Os japoneses, quando escrevendo ou lendo horizontalmente, colocam o passado à esquerda e o futuro à direita. Mas quando escrevem verticalmente, colocam o passado à direita e o futuro à esquerda, e o movimento de uma linha para a outra é da direita para a esquerda, lembrou o professor.

Falantes de mandarim representam o tempo de baixo para cima e vice-versa. Ao dizer mês acima, querem dizer mês passado. Mês abaixo significa próximo mês. Esse tipo de movimento pode ter relação com o modo de escrever de cima para baixo. Mas também há uma relação com o curso do rio, disse o palestrante.

Durante a filosofia helenística, os estoicos também consideraram o tempo como um continuum de divisões infinitas, tratando o passado, o presente e o futuro como parte do tempo. O agora seria a fronteira entre o passado e o futuro.

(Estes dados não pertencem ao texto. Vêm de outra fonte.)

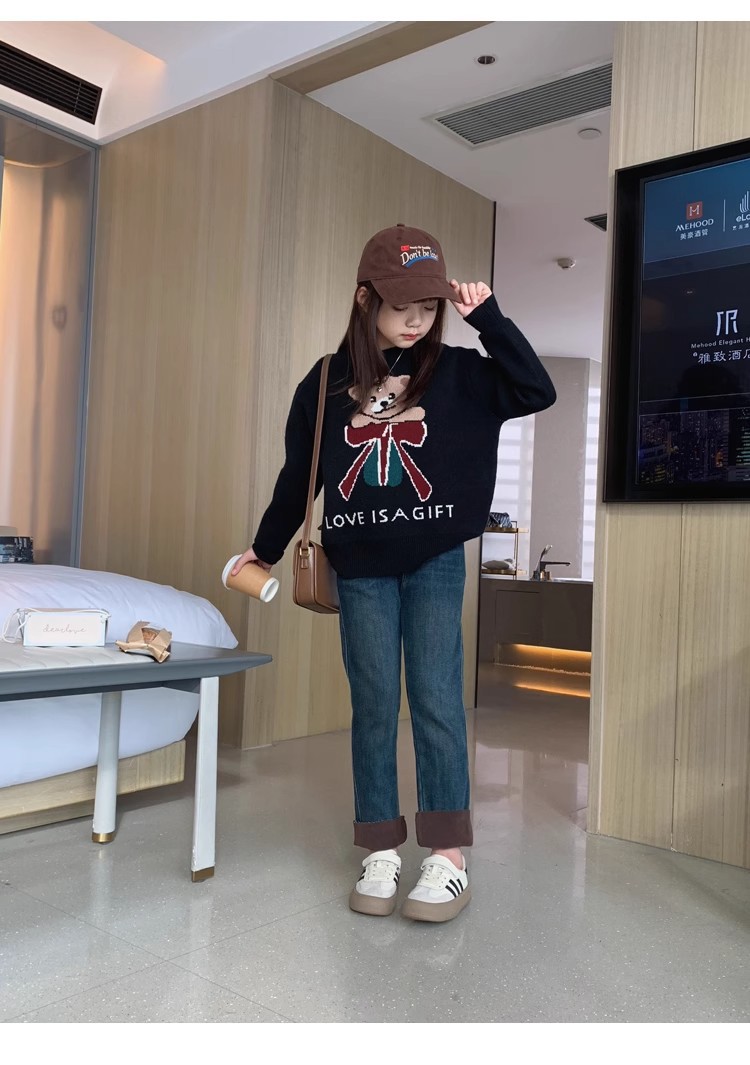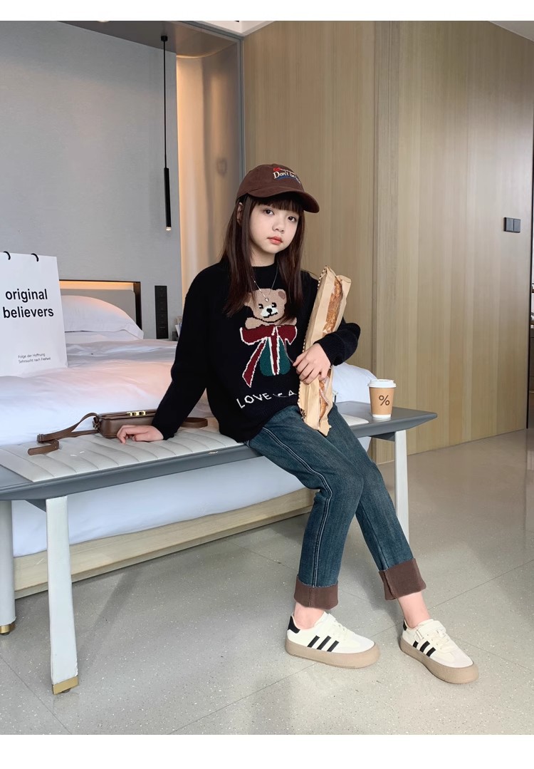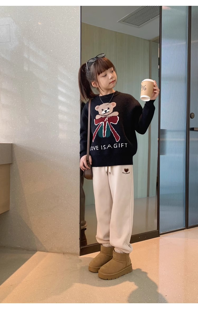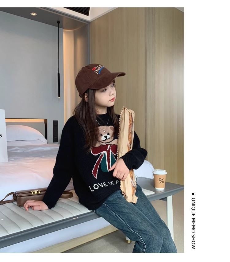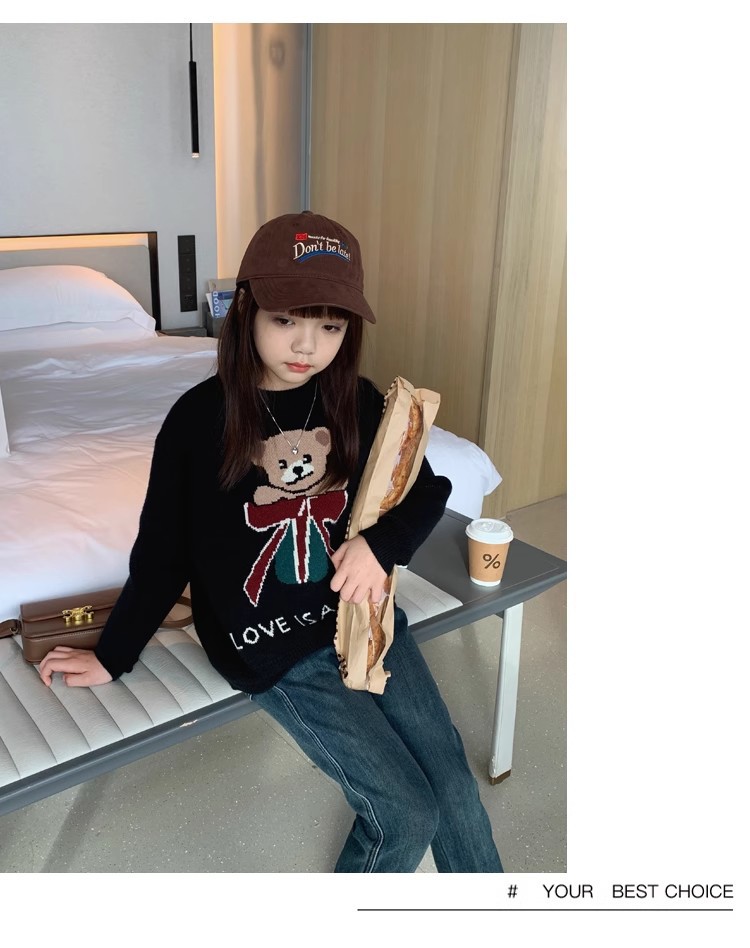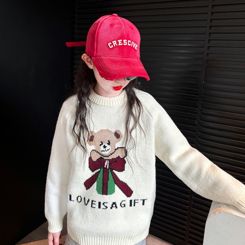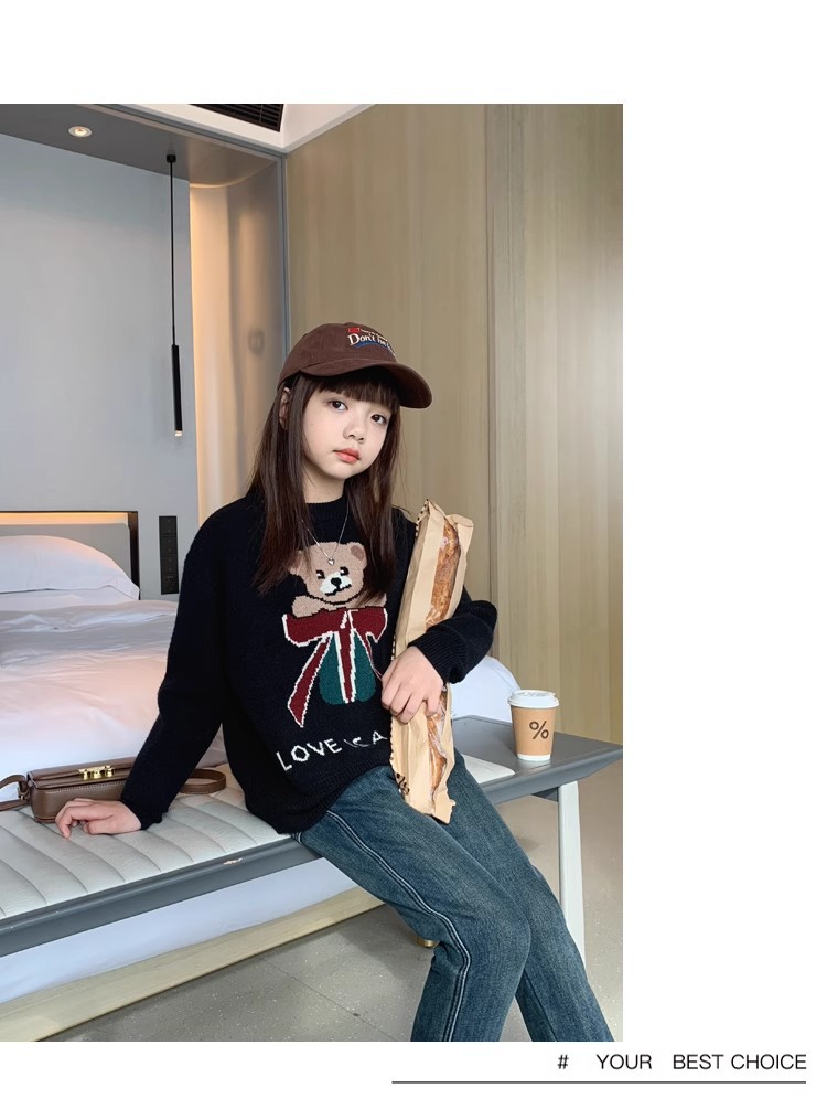 소녀 한국식 곰 스웨터 2024 겨울 새 스타일 두꺼운 따뜻한 니트 스웨터 풀오버베이스 셔츠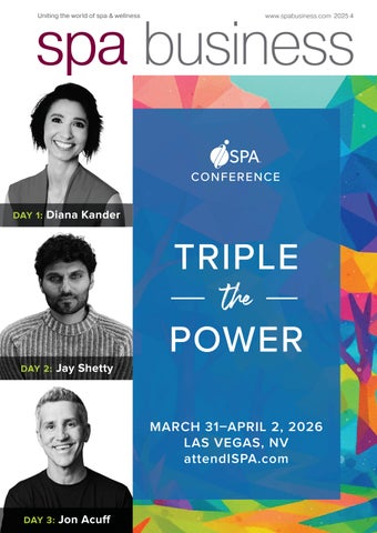 The recent Global Wellness Summit in Dubai explored “wellness through a longevity lens” and we share our highlights on p98. The one clear message from the three days was that wellness must be the foundation of longevity. Without daily habits that support health, even the most advanced interventions fall short. For the sector, this presents a clear opportunity: to lead with sciencebacked modalities, communicate outcomes clearly and align offerings with long-term guest expectations.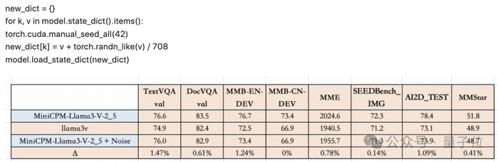 此外,如果将高斯噪声(由单个标量参数化)添加到 MiniCPM-Llama3-V 2.5 的 checkpoint,结果就是会得到一个行为与 Llama3-V 极其相似的模型。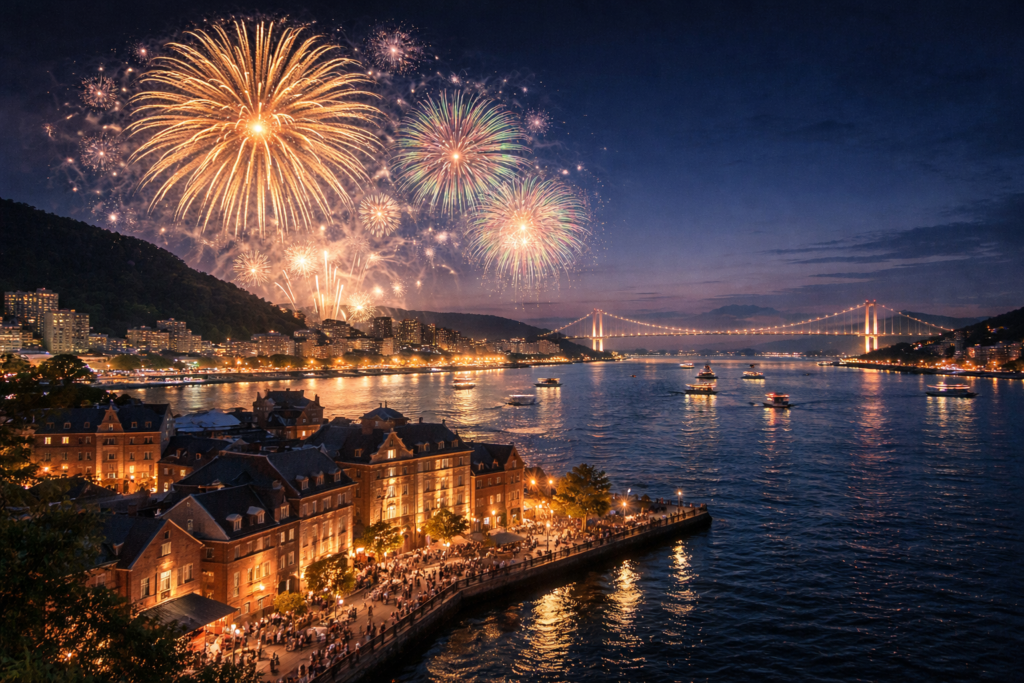 門司側から楽しむ関門海峡花火大会は、花火そのものの迫力に加えて、海峡の夜景や港町の雰囲気まで含めて満足度が高い大会です。写真映えを重視したい人や、花火だけで終わらず周辺散策も楽しみたい人に特に向いています。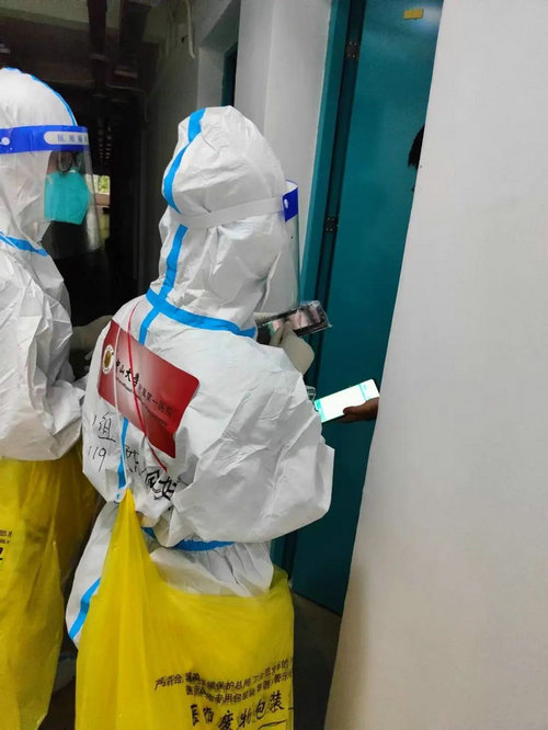 由于南校园实施“足不出户”管理模式,队员们需要“挨家挨户”进行上门采样。有的宿舍楼层最高有8层,在29℃的天气下,队员们穿着密不透风的防护服爬楼梯,汗流浃背,但大家心里想着师生平安健康,想着早点控制疫情,都毫无怨言。
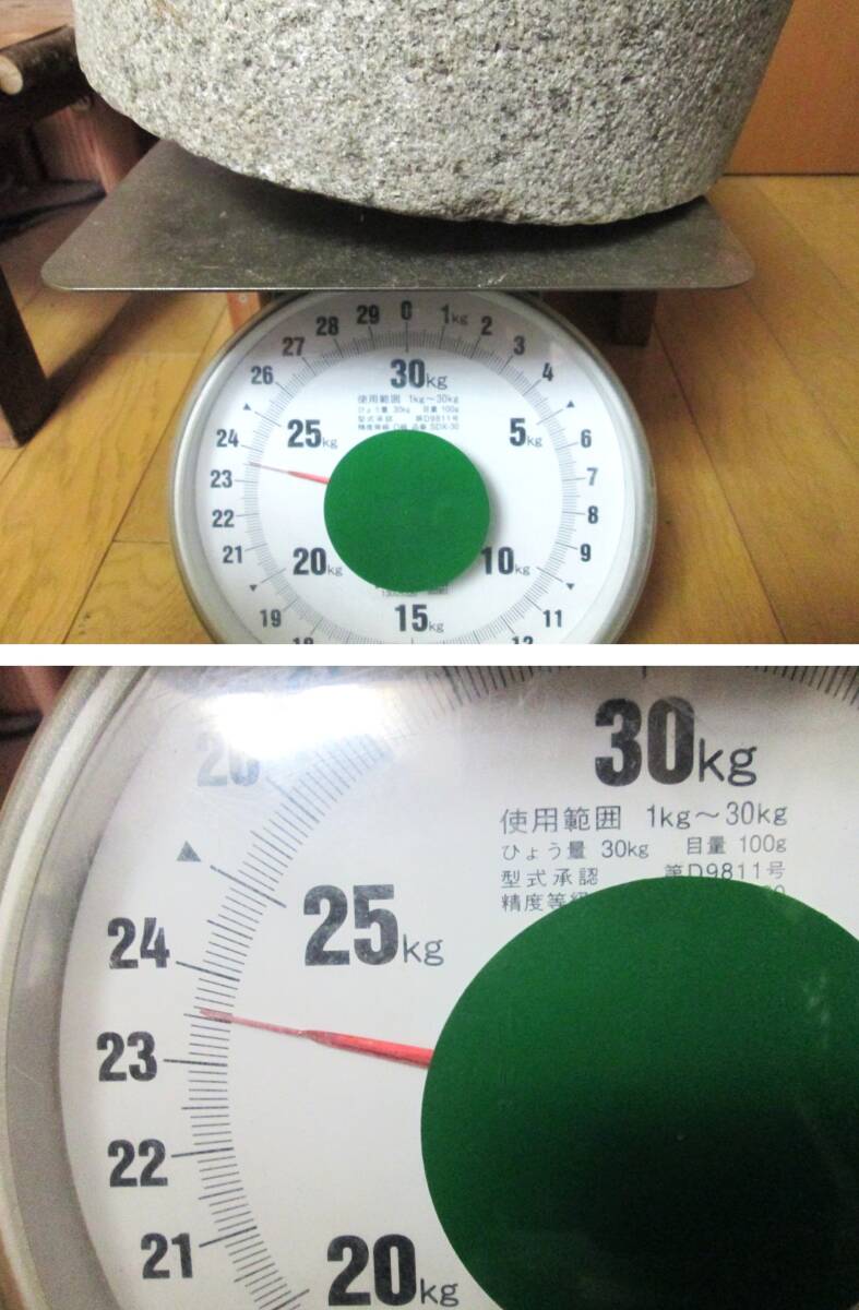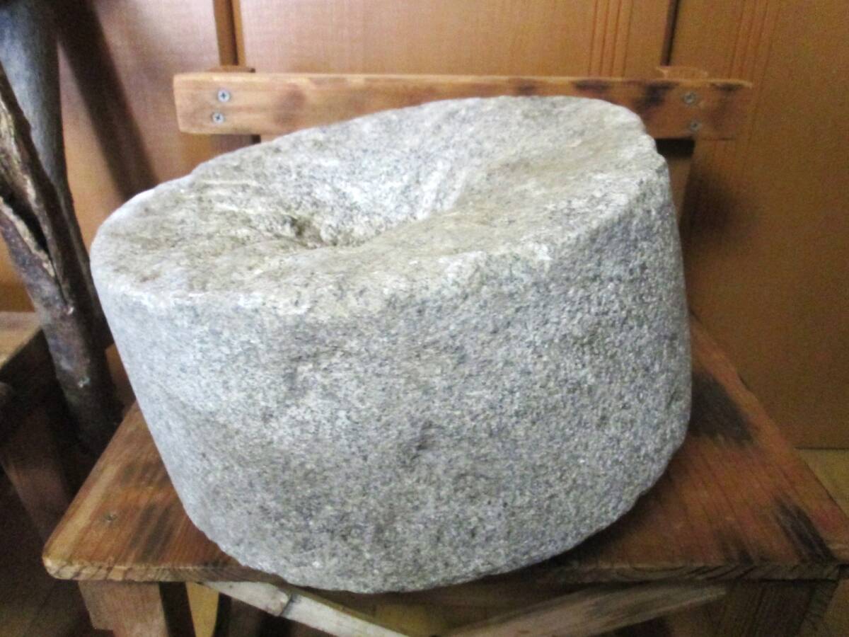 古い 石臼 (下臼) 挽き臼 約23.5㎏ 古道具 古民具 飛び石 庭石 踏み石 敷石 飛石 庭園 ガーデニング 現状品

Mas também consideram dois tipos de presente, como Aristóteles.

Macedônios definiram o tempo como intervalos de movimento, ou a média entre movimentos velozes e demorados, sendo o tempo constituído de passado, presente e futuro.

Mas a definição do número de movimentos, que é central em Aristóteles, não está nos outros pensadores, disse o professor. A importância disso é que o tempo torna-se dependente do movimento em relação ao antes e ao depois, o que significa que o tempo é um tipo de ordem e não uma medida como comumente se supõe. O tempo seria uma ordem universal capaz de relacionar todas as alterações umas com as outras. O ego, portanto, seria algo em movimento, algo de que o tempo depende para sua própria existência.